Now you can equate equations $1.$ and $2.$ in their new form, as so

$S n B {r}_{2} + T i C {l}_{2} - S n C {l}_{2} - T i B {r}_{2} + 194.8 = S n B {r}_{2} + T i C {l}_{2} - T i B {r}_{2} - S n C {l}_{4}$

because if you add $194.8$ to equation $1$ it equals $199$ in total, the same as equation $2.$ With these two equal to each other, you can cancel out the similarities on both sides and find what's left.

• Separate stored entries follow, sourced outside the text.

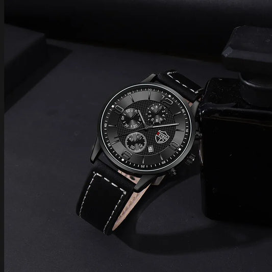 3PCS Set Fashion Mens Calendar Watches Luxury Men Business Black Stainless Steel Quartz Watch Male Necklace Bracelet Wristwatch
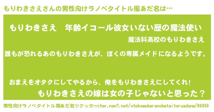 | 女子向けラノベタイトル風あだ名 | 『もりわきさえの契約王妃』 |
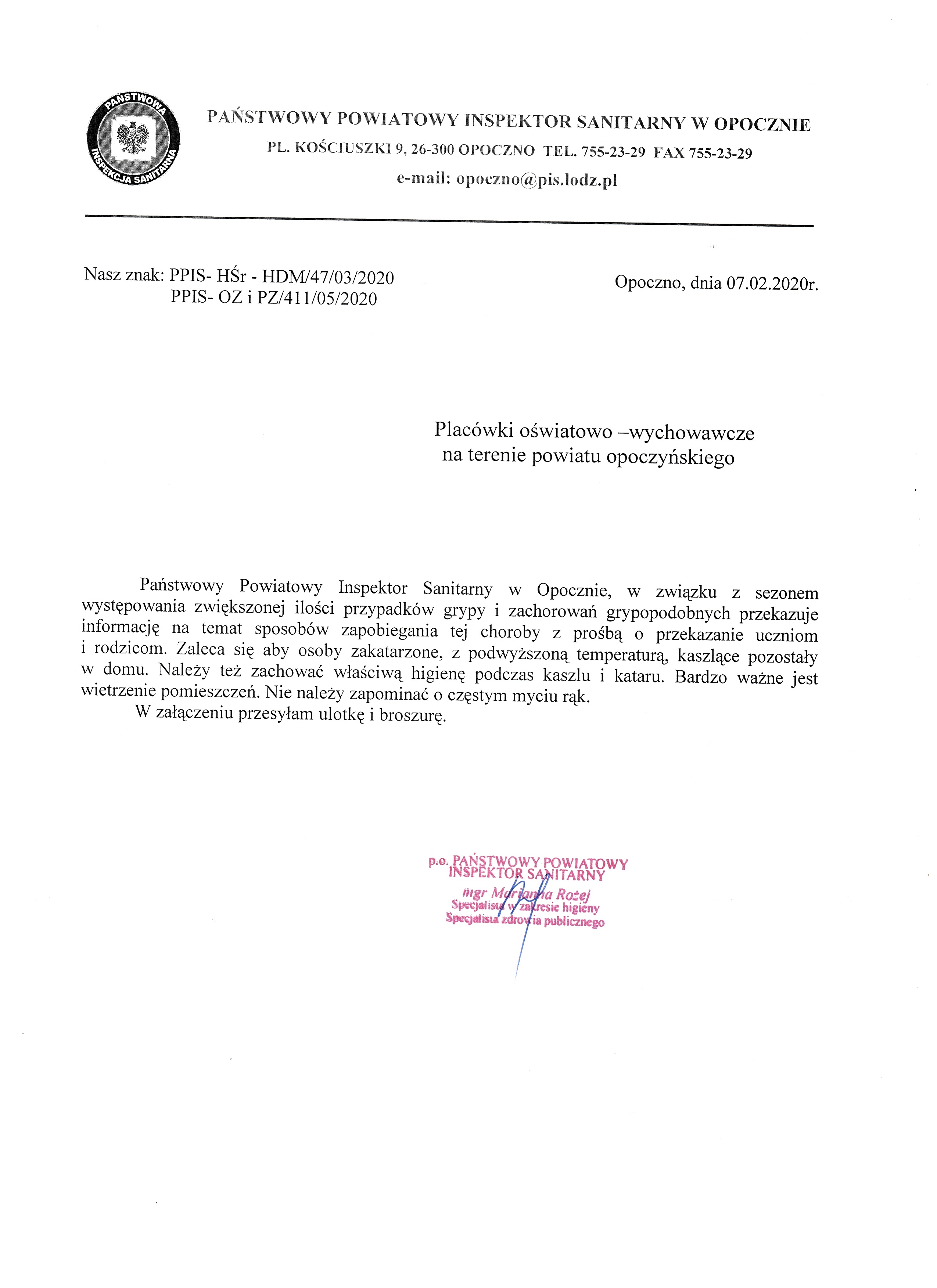 Nie lekceważ grypy – chroń siebie i innych - przy wystąpieniu objawów takich jak gorączka, bóle głowy, bóle mięśniowo-stawowe, kaszel, ból gardła niezwłocznie skontaktuj się z lekarzem. W przypadku podejrzenia lub rozpoznania grypy nie idź do pracy, pozostań w domu aż do ustąpienia objawów. Chore dziecko otocz szczególną opieką , nie wysyłaj go do szkoły.
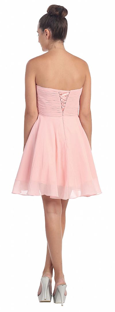 Strapless Shirred Beaded Bust Short Formal Prom Dress back
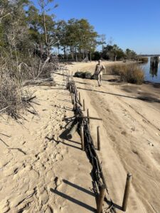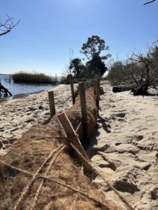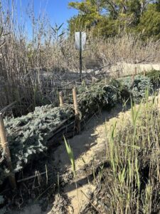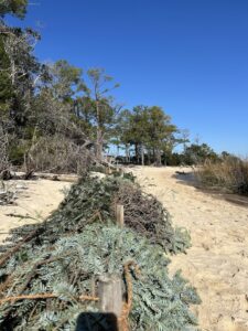 Update: After a year on the beach, the wooden bundles have trapped 1+ feet of sediment behind them. In December of 2025, our team recycled Christmas trees to add more material to help trap even more sediment.
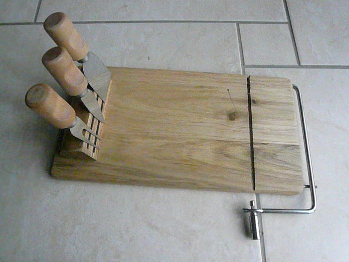 Plateau à fromage avec 3 ustensiles à fromage aimantés et une lyre intégrée pour couper et servir les fromages. Neuf, jamais servi. N’hésitez pas à regarder mes autres annonces pour réduire les frais de port.
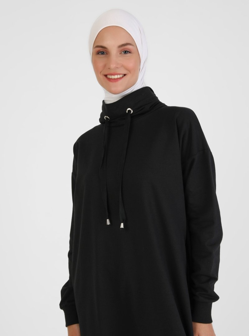 Refka Siyah Boğazlı Yaka Cepli Uzun Sweatshirt
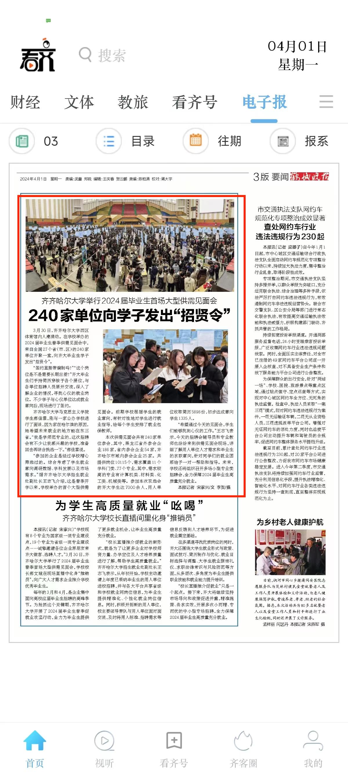 下一条:【齐齐哈尔日报】齐大举行2024届毕业生首场大型供需见面会
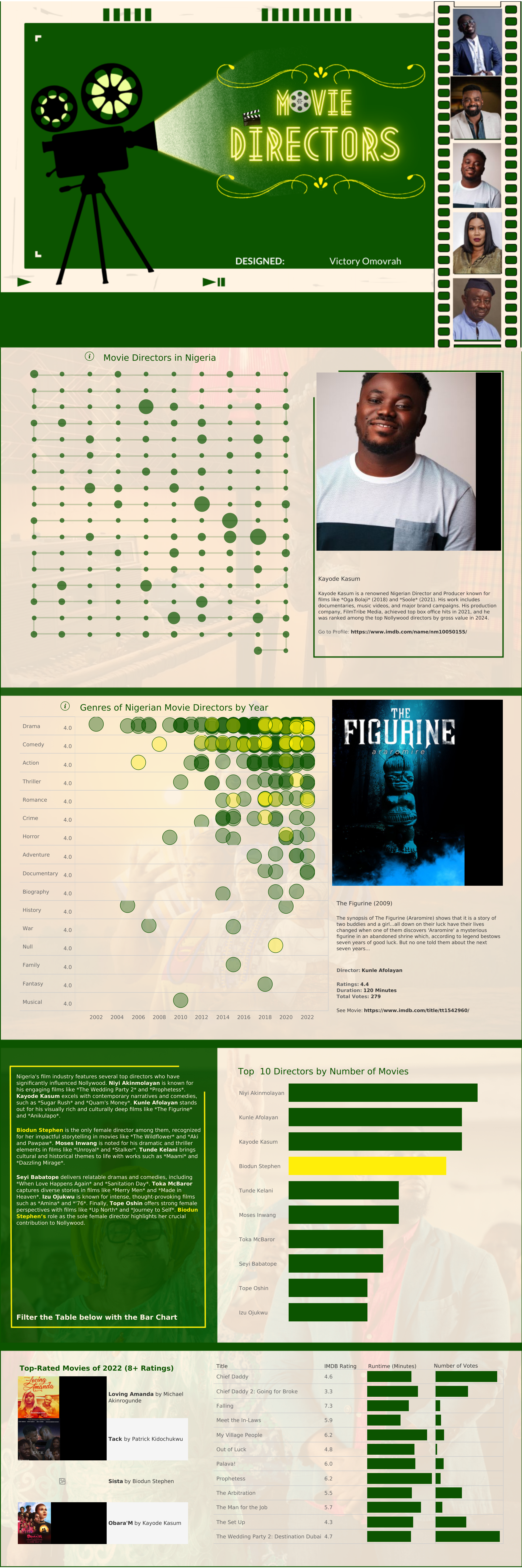 The green color scheme was intentional—it represents the Nigerian flag, symbolizing the nation’s natural wealth and growth. I incorporated film elements like the projector and film reel to give the visualization a classic movie theme, reminding viewers of the cinematic world we’re exploring. The use of directors’ profiles and biographies was crucial because I wanted to put a face to the names that have shaped the industry, especially with the timeline chart linking directors to their work.

Both sides have a $S n B {r}_{2}$, so you can cancel that. They also have a $T i C {l}_{2}$ and a $- T i B {r}_{2}$, so get rid of those from each side, leaving

$- S n C {l}_{2} + 194.8 = - S n C {l}_{4}$

$S n C {l}_{4} - S n C {l}_{2} = - 194.8 k J$

This is the answer to the question in the form of products minus reactants, because you can see the product is $S n C {l}_{4}$ and the reactants are $S n C {l}_{2}$ and $C {l}_{2}$, though $C {l}_{2}$ has an enthalpy of $0$ so it can be ignored.